------ Input ------

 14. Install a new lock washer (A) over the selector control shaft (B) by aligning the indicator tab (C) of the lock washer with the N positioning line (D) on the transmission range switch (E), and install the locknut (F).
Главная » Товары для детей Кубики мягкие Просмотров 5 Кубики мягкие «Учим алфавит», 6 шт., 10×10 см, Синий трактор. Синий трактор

------
------ Input ------

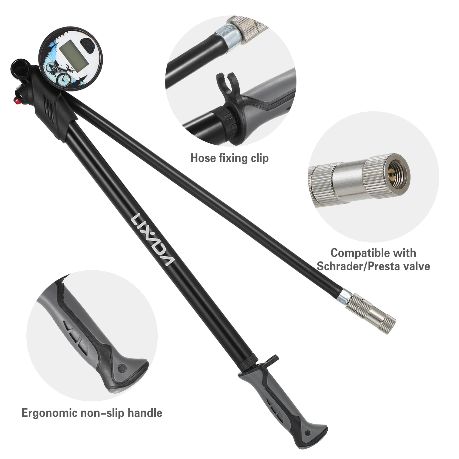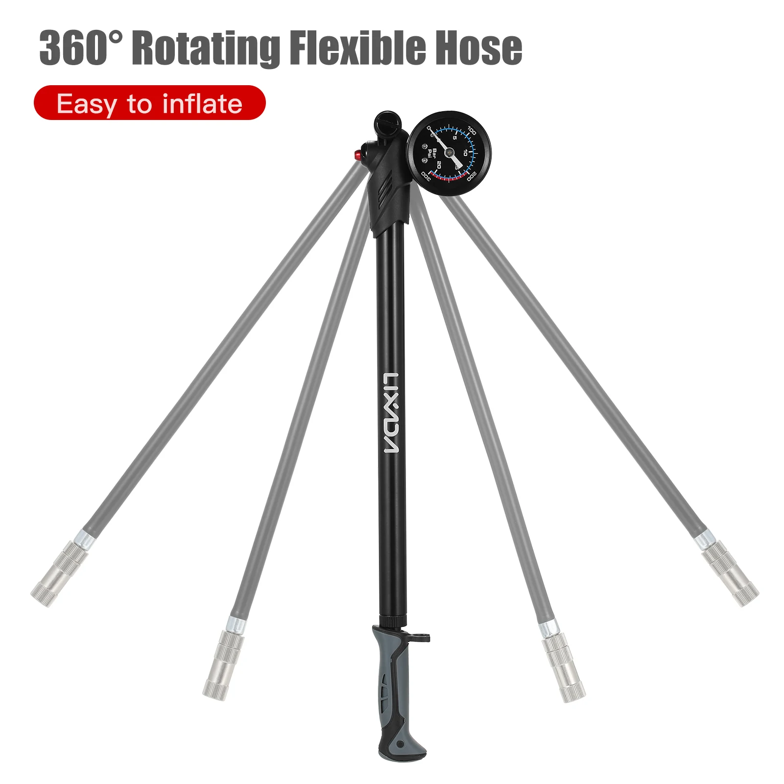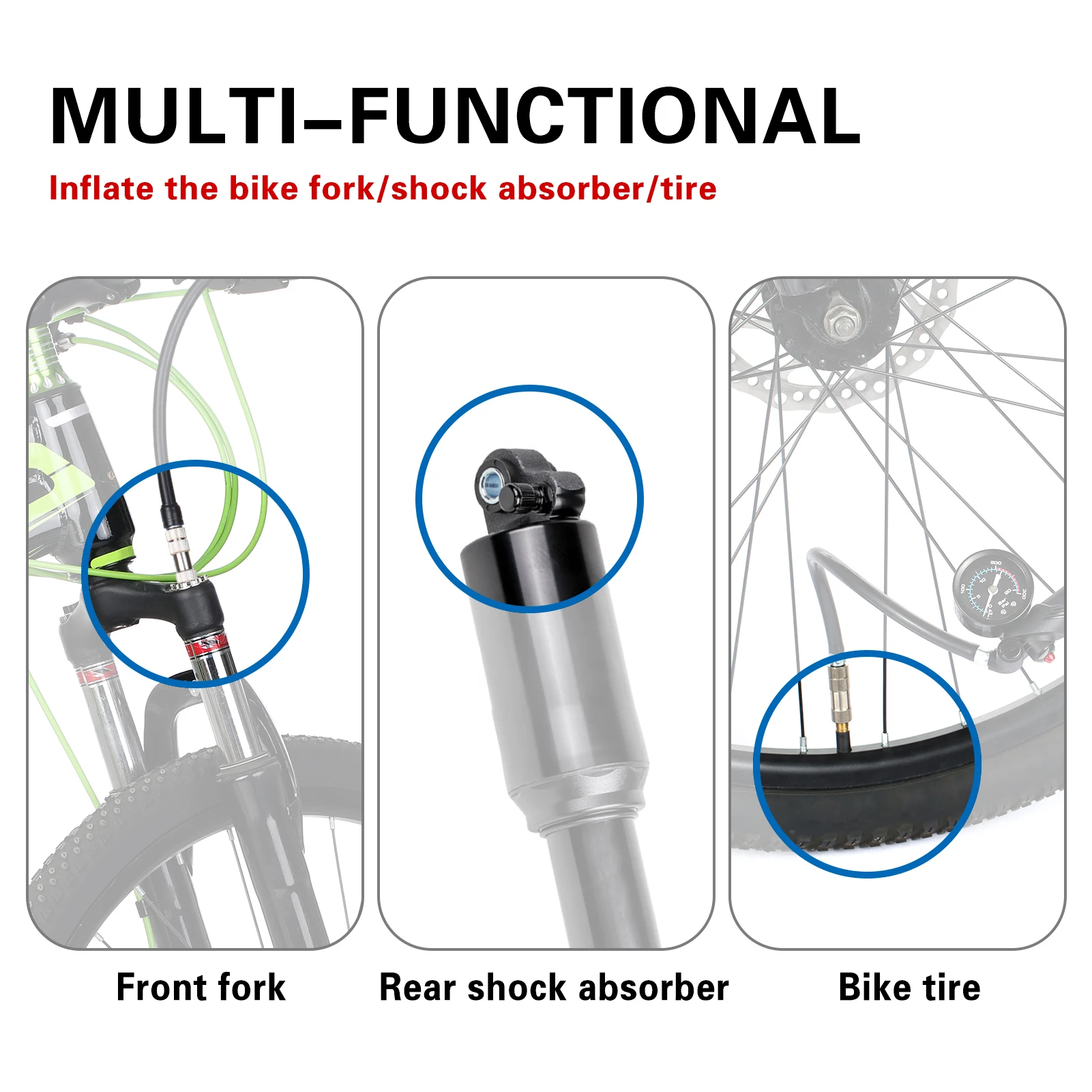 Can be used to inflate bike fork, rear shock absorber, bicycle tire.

------

* Assigned task *
Return only the lines between the one holding "14. Install a" and the one holding "трактор. Синий трактор", inclusive, exactly as they appear above.

* Task response *
 14. Install a new lock washer (A) over the selector control shaft (B) by aligning the indicator tab (C) of the lock washer with the N positioning line (D) on the transmission range switch (E), and install the locknut (F).
Главная » Товары для детей Кубики мягкие Просмотров 5 Кубики мягкие «Учим алфавит», 6 шт., 10×10 см, Синий трактор. Синий трактор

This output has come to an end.